In tonight's second part of the film, A Licence To Murder, more damning allegations that covert military operatives and Royal Ulster Constabulary Special Branch figures allowed loyalists to target Catholics are disclosed.

Barrett is named as the man who pulled the trigger in the Finucane killing. Loyalists suspected Mr Finucane - who represented senior IRA men in court - was also a member of the organisation.

Both the IRA and his family categorically deny the allegation. Barrett said an unnamed Special Branch officer urged him to take out what he called a "thorn in the side" and gave him vital assistance by ensuring the roads were clear on the night of the shooting.

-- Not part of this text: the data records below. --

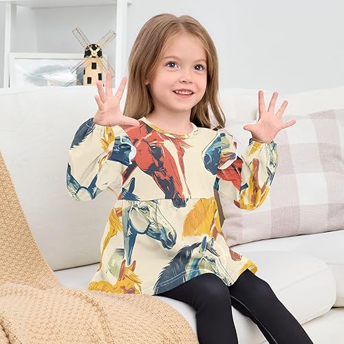 Toddler Girl Long Sleeve Shirt Ruffle Kids Blouse Tops Tee Shirt 18M-5T(Colorful Horse Heads,18 Months)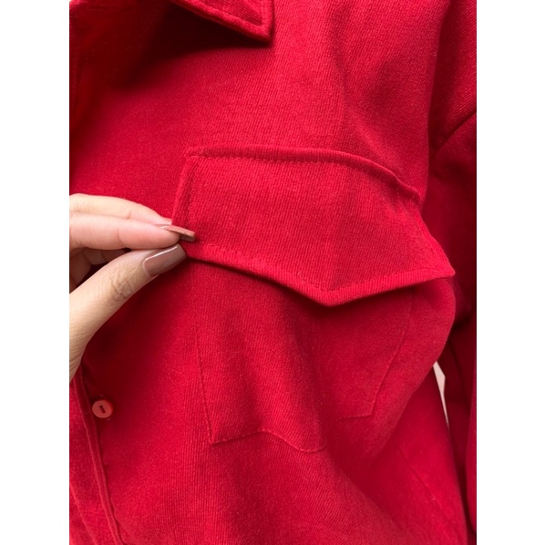 Áo sơ mi nữ nhung tăm màu đỏ form suông giấu quần phối sooc thì quá thời trang, chất nhung tăm mềm mịn không nhăn giá rẻ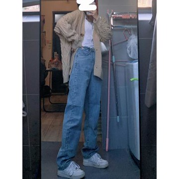 2025春秋新款女褲子藍色百搭牛仔褲寬松直筒闊腿高腰顯瘦拖地褲子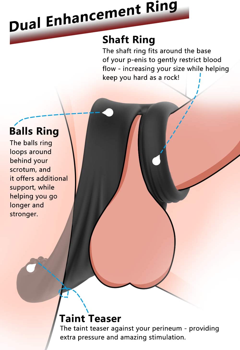 Silicone Dual Penis Ring with Taint Teaser, Premium Stretchy Cock Ring Longer Harder Stronger Erection Enhancing Sex Toys for Male and Couples Play (Taint)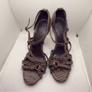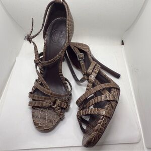 Tory Burch Elizabella Italian Croc Heeled Strappy Sandals US 7

Secretly filmed while in hiding, he also claimed the UDA chief - described as one of the "untouchables" in loyalist north Belfast - introduced him to the police officer.

"He says: `You're more, how do you put it, you're more the psychopath than what (the UDA boss) is. You're more a one for business here aren't you?'," Barrett claimed he said.

He was provided with detailed intelligence on his target by Brian Nelson, the double agent used by the Army's most secret wing, the Force Research Unit, to infiltrate loyalist terror gangs.

But subsequent allegations of collusion between paramilitaries and intelligence operatives have been so strong that Metropolitan Police Commissioner Sir John Stevens is now preparing to report on his third inquiry into the claims.

A retired Canadian judge has also been appointed to examine the Finucane killing and five other controversial murders in Northern Ireland.

In tonight's programme the security chief who recruited Nelson is confronted in a bid to answer the accusations.

Brigadier Gordon Kerr, now the British military attache in Beijing, has always defended the use of Nelson to take over UDA intelligence gathering by claiming it was meant to save lives.

IRA men were harder targets than innocent Catholics, he reasoned, so loyalists redirecting their guns gave his unit and the RUC more time to foil the murder bids.

Brigadier Kerr has insisted security unit involved made every possible effort to inform police of all available intelligence on planned UDA attacks. He claimed 730 reports passed on 217 targeted individuals.

But incredulous Stevens team members rejected his assessment, with one detective finding only two cases where Nelson's information helped thwart attacks.

The programme makes a damning assessment of FRU's efforts to prevent the assassination of Mr Gerard Slane at his west Belfast home in September 1988.